Oliver’s Instagram layout screams “photographer”—perfecly angled shots, gorgeous beach fronts, and cozy couple photos fill the grid. It could almost be a coffee table photobook. Her Instagram story highlights are more of the same, like a collection of stories from her wedding day and her trip to Maui.
That is, of course, by design.
“Before a post a Reel or a story, I ask myself, ‘What if grandma sees this?’” she laughs. “It’s something I’m trying to stop doing, a roadblock I need to just get over. I know she probably isn’t scrolling through my Reels.”
On TikTok, though, she’s less afraid of what people think.
“Less people I know in real life are on TikTok,” she shrugs. “I feel like I can be more vulnerable.”
This “vulnerable” content is seemingly more relatable. On her TikTok, Oliver asks her followers for advice training for a marathon, reaction videos, and story times.
Most of Oliver’s following across all four accounts are girls around her age. She says her audience interaction is with female followers that have boyfriend and husbands, or girls who are seeking a relationship.
“It tracks with my content,” she says. “I don’t feel like teenage boys who are really into sports would follow my wedding accounts or my ‘couple goals’ personal pages.”
While Oliver has over 18,000 followers on her wedding photography Instagram account, most of her following is on TikTok. She chalks that up to Instagram’s recent algorithm changes.
“It’s hard to get people—your followers and anyone else, really—to see your Instagram content,” she says.
“Harder” is putting it mildly. Oliver says she reposted that bet-winning TikTok—the one that garnered over 18 million views in a weekend—as a Reel. It just hit only 50,000 views.“When I posted that TikTok, I had 100 followers,” she says. “And then somehow, those views materialized.”
Oliver’s Instagram, in contrast, was well-established—she had 5,000 followers and a healthy amount of interaction when the Reel went up.

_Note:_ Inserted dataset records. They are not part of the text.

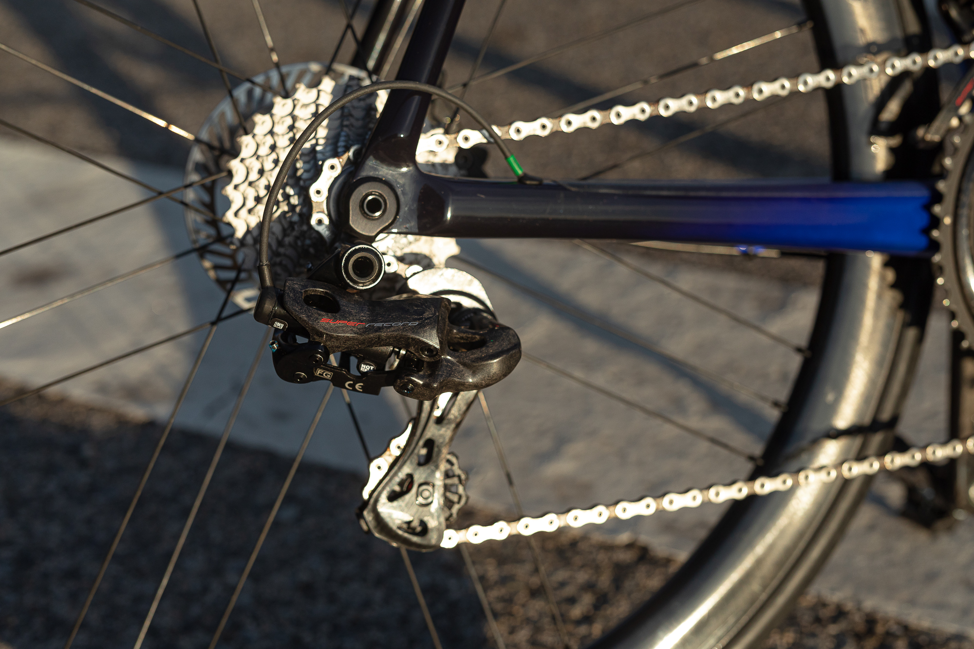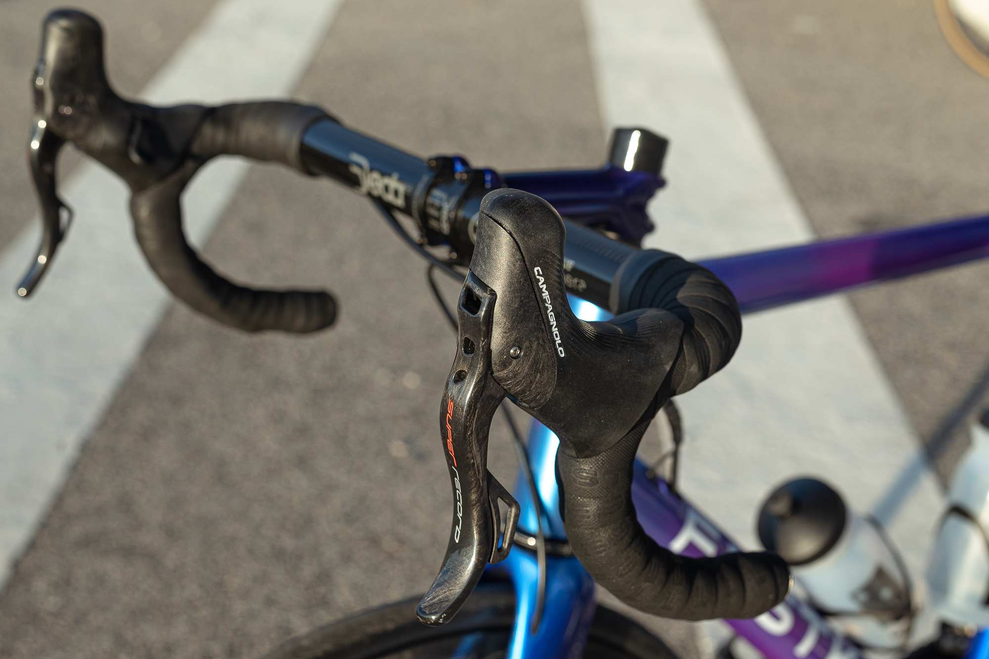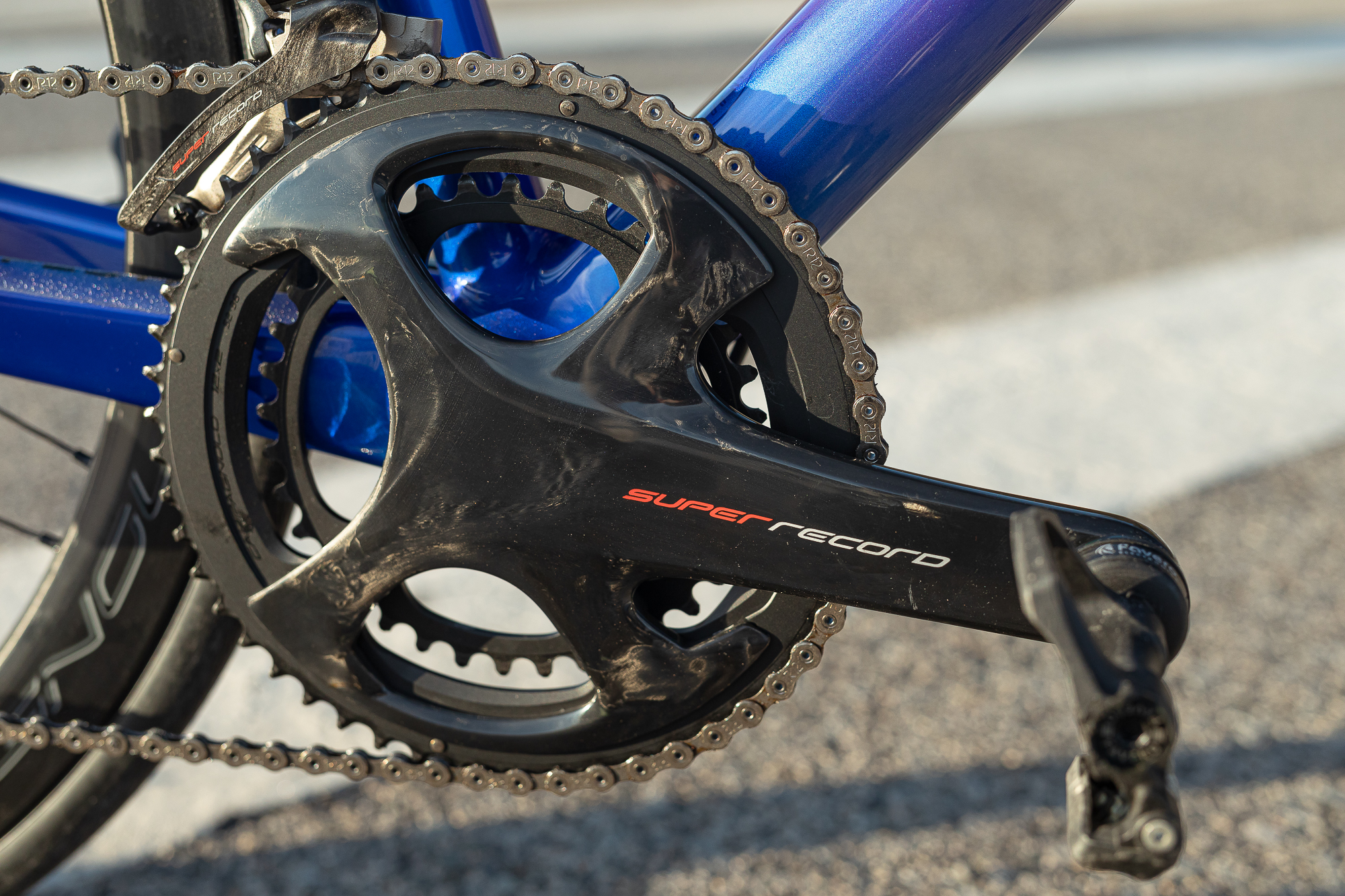 Explicadas ya las bondades del cuadro, podemos hablar de un conjunto TOP. El funcionamiento del Campagnolo Super Record EPS 12, a pesar de sus enormes manetas, es MUY preciso y rápido. Las ruedas también de la firma italiana, con un marcado perfil Aero, están a la altura del conjunto, el tacto de los frenos hidráulicos de Campagnolo, muy predictivo y progresivo, también conjuntan con la sensación de control que ofrece el cuadro.
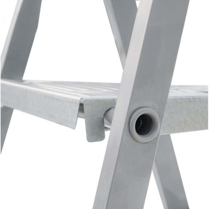 - Прочное крепление ступеней к боковинам 6 заклёпками придаёт конструкции высокую устойчивость
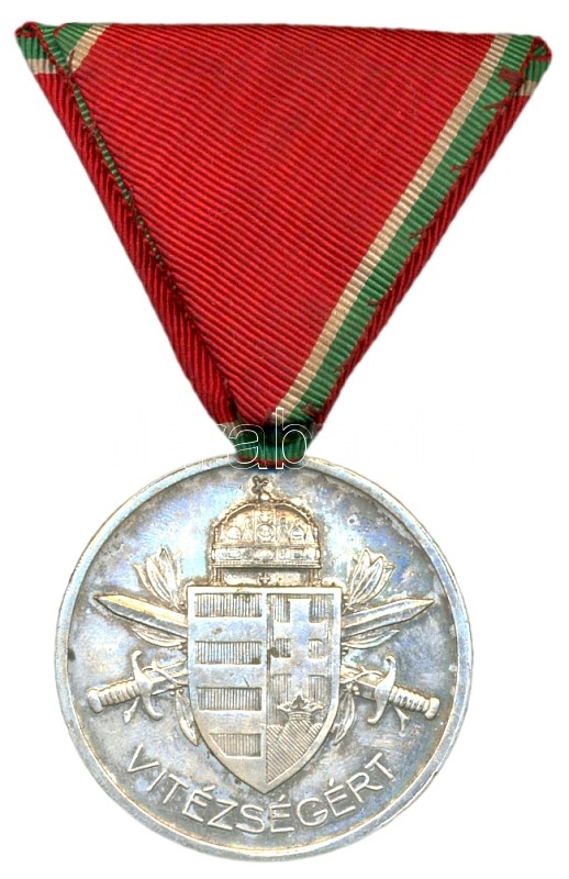 1939. "Magyar Nagy Ezüst Vitézségi Érem" fémjel nélküli fehér fém vált... https://www.darabanth.com/en/14-Major-auction/14.1/Numismatics/Military-and-Faleristics~4039/1939-Magyar-Nagy-Ezust-Vitezsegi-Erem-femjel-nelkuli-feher-fem-valtozata-mellszalaggal-~II541721

“It makes you question why you’re on the app,” she says. “It’s like, what’s going on? I know from TikTok that I have an audience, so why can’t I reach them here?”
Oliver says those stymied view counts negate even the more positive parts of Instagram, like the Reels Play Bonus program, a recently-unveiled compensation structure for creators on Instagram based on view count. It’s designed to motivate creators to post more Reels, ideally making their short-form content a strong competitor against TikTok.
“You can make more money from Reels than other short-form content, but invites to be paid for Reels are completely random,” she says. “At least, I can’t find a pattern to it—my personal Instagram, which has less than 10,000 followers, got an invite before my wedding account did.”
In the end, Oliver says it doesn’t matter which account gets invited when neither of them has serious reach.
“I know I’m not the only creator who feels this way lately,” she says. “To build a following, to get my audience’s attention, I have to be where they can actually see what I post.”
That place is TikTok, Oliver says. Here, you can grow your audience far and wide…and still not get paid for it.
“All those views don’t translate into a deposit,” she says. “Definitely not.”
The TikTok Creator Fund, criticized by many a content creator for its pithy payouts, similarly skimped Oliver.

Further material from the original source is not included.